** Opening Information shown block **

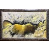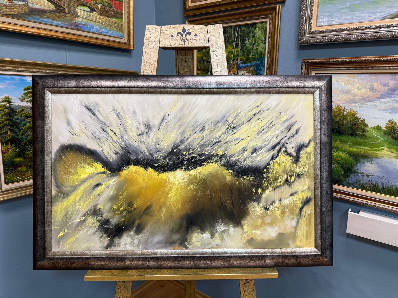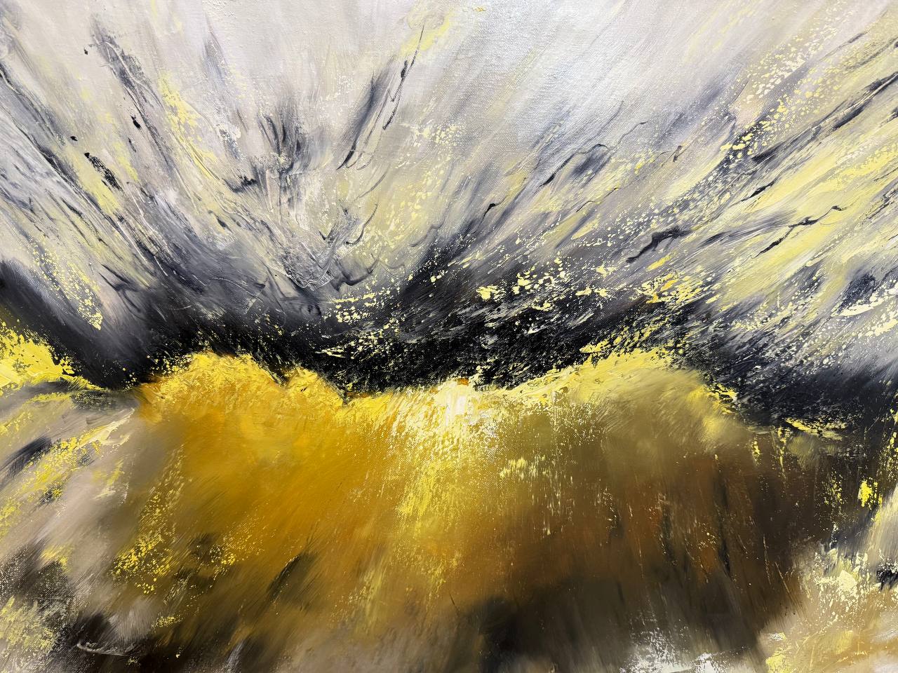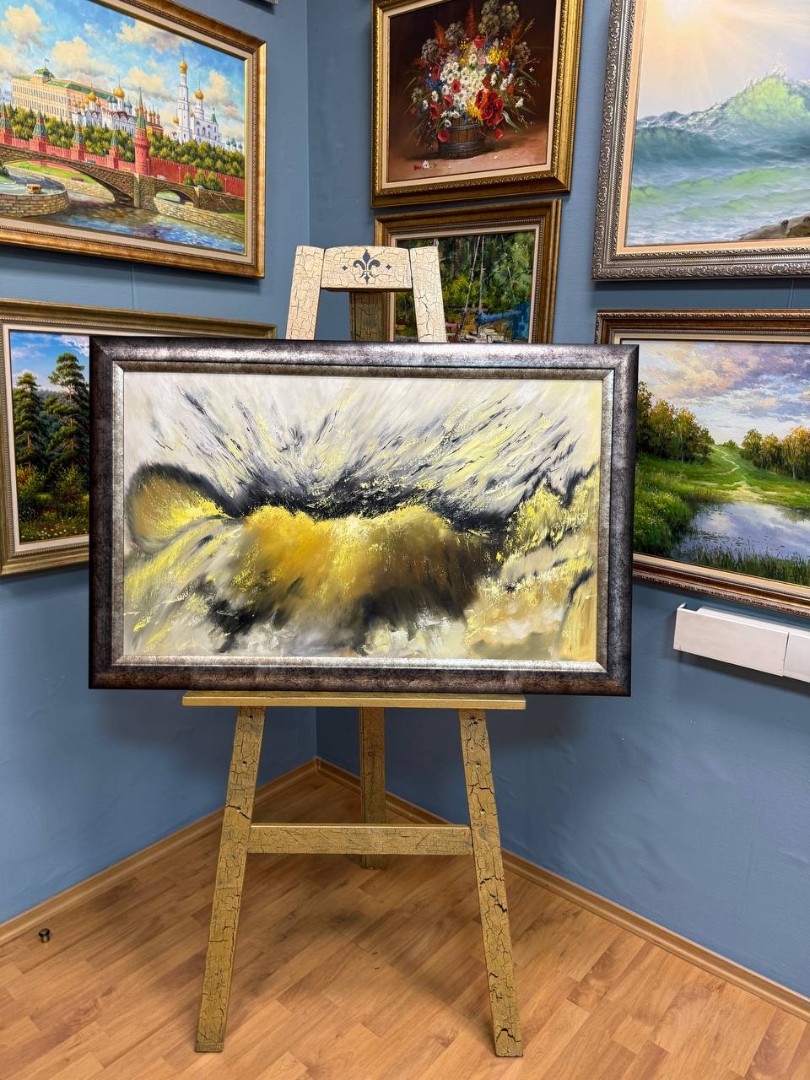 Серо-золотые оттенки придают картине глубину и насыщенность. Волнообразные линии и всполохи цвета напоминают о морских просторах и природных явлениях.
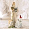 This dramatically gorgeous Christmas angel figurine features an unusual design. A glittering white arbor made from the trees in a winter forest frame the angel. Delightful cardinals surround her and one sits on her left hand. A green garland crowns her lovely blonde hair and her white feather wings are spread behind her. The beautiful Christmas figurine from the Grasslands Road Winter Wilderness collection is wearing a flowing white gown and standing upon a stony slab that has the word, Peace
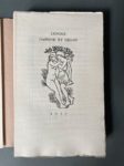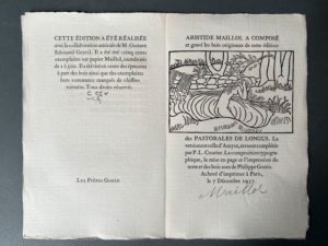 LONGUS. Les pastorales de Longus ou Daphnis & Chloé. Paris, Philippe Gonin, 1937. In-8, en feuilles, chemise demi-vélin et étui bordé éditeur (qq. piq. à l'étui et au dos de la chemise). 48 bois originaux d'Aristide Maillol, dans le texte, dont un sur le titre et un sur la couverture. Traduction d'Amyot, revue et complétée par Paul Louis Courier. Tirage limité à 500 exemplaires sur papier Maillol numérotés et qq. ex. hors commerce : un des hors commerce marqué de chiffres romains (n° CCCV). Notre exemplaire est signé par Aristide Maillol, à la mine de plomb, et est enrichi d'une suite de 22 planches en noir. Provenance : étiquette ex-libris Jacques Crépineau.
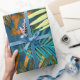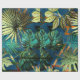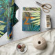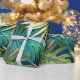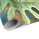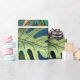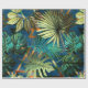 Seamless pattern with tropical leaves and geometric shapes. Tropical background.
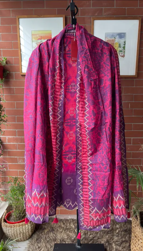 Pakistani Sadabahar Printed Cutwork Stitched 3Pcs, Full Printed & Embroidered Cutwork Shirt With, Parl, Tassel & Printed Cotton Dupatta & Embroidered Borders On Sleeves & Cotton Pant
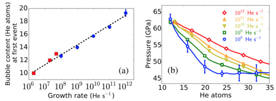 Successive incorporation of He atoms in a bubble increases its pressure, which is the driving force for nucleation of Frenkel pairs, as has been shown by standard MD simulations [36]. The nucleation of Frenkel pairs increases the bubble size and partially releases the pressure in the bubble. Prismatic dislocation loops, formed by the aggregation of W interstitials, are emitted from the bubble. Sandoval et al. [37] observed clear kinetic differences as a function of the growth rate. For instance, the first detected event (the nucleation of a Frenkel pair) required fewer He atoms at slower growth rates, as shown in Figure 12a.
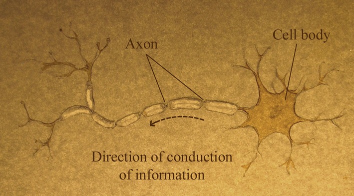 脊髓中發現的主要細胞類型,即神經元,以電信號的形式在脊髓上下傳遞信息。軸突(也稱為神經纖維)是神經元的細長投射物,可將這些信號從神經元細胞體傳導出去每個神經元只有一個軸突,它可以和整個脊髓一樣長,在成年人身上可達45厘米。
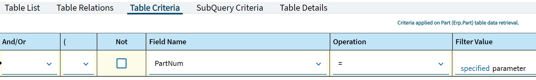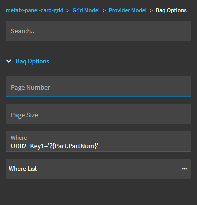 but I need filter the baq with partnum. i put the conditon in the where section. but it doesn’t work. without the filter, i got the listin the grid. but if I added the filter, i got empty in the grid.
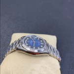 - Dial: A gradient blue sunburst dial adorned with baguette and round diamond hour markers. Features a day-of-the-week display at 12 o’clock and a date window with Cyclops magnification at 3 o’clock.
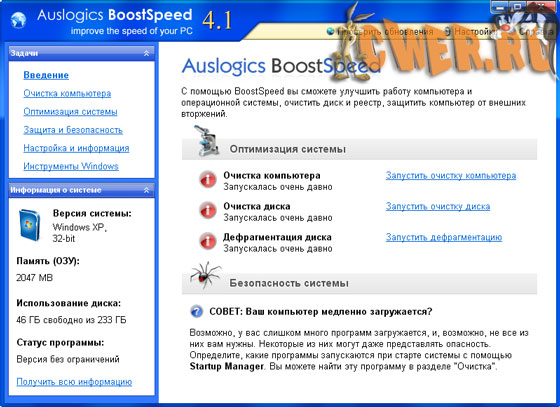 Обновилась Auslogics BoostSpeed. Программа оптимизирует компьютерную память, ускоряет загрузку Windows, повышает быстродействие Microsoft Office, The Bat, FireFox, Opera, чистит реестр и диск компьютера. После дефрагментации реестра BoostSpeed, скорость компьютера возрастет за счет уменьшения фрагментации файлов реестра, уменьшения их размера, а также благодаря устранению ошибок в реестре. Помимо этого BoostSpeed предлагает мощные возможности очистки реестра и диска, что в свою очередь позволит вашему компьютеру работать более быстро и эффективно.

** Closing Information shown block **

*Instructions for the task*.
Output the lines, exactly: the first line of the entries above, every line after it, and the line with "Seamless pattern with" as the last. No pictures.

*Final answer*.
 Серо-золотые оттенки придают картине глубину и насыщенность. Волнообразные линии и всполохи цвета напоминают о морских просторах и природных явлениях.
 This dramatically gorgeous Christmas angel figurine features an unusual design. A glittering white arbor made from the trees in a winter forest frame the angel. Delightful cardinals surround her and one sits on her left hand. A green garland crowns her lovely blonde hair and her white feather wings are spread behind her. The beautiful Christmas figurine from the Grasslands Road Winter Wilderness collection is wearing a flowing white gown and standing upon a stony slab that has the word, Peace
 LONGUS. Les pastorales de Longus ou Daphnis & Chloé. Paris, Philippe Gonin, 1937. In-8, en feuilles, chemise demi-vélin et étui bordé éditeur (qq. piq. à l'étui et au dos de la chemise). 48 bois originaux d'Aristide Maillol, dans le texte, dont un sur le titre et un sur la couverture. Traduction d'Amyot, revue et complétée par Paul Louis Courier. Tirage limité à 500 exemplaires sur papier Maillol numérotés et qq. ex. hors commerce : un des hors commerce marqué de chiffres romains (n° CCCV). Notre exemplaire est signé par Aristide Maillol, à la mine de plomb, et est enrichi d'une suite de 22 planches en noir. Provenance : étiquette ex-libris Jacques Crépineau.
 Seamless pattern with tropical leaves and geometric shapes. Tropical background.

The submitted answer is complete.